As far as I’m concerned—and again, both the CDC and AAP are with me on this—there is no reason to stop breastfeeding or not initiate breastfeed or freak out about your past breastfeeding experience, just because of a study like this.

That being said, none of this means we should just sit back and let ourselves and our kids grow up drenched in chemicals. Some of the leakage of toxic chemicals into our environment is out of our control (I’m going to go ahead and blame consumerism and capitalism for this). But there are some things we can do to minimize PFAS getting into our bodies, our kids’ bodies, and into our breast milk.

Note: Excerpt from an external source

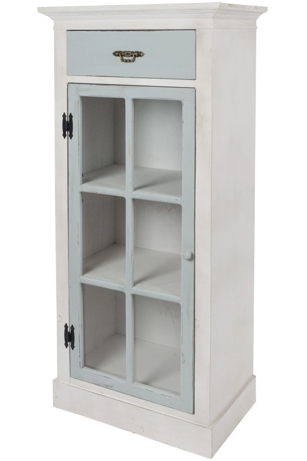 Die Kommode JUAN ist mit einer Glastür bestückt. Dahinter befinden sich zwei Einlegeböden. Die Griffe und Scharniere sind aus Metall und mit Liebe zum Detail.

The AAP has some excellent tips, including:

  • Inquire about your community water levels of PFAS
  • If there are high levels of PFAS in your water, filter your water with a filter that’s been certified to remove PFAS
  • Use filtered water when mixing formula or preparing your baby’s foods (pre-mixed formula could work too)
  • Check your local fish advisories for PFAS contamination before eating locally-sourced seafoods or fish products
  • Stay on top of dust in your home, as PFAS tend to build up in dust
  • Stop using Teflon products and non-stick pans, especially if they are chipped
  • Avoid microwave popcorn, as the bags have high levels of PFAS
  • Decrease your use of takeout containers, as many are coated with PFAS
  • Don’t buy stain-resistant carpets, fabrics, and upholstery, since many are high in PFAS

It feels good to know there are little things we can all do to reduce our exposure to PFAS, right? As for what to do if you are breastfeeding your baby now, and you are concerned about their exposure to PFAS, you can take heart in knowing that there are still so many benefits to breastfeeding, and no medical organization is encouraging weaning because of PFAS. That being said, if you have any concerns about your own health or your baby’s health, be sure to reach out to your doctor. That’s what they are there for.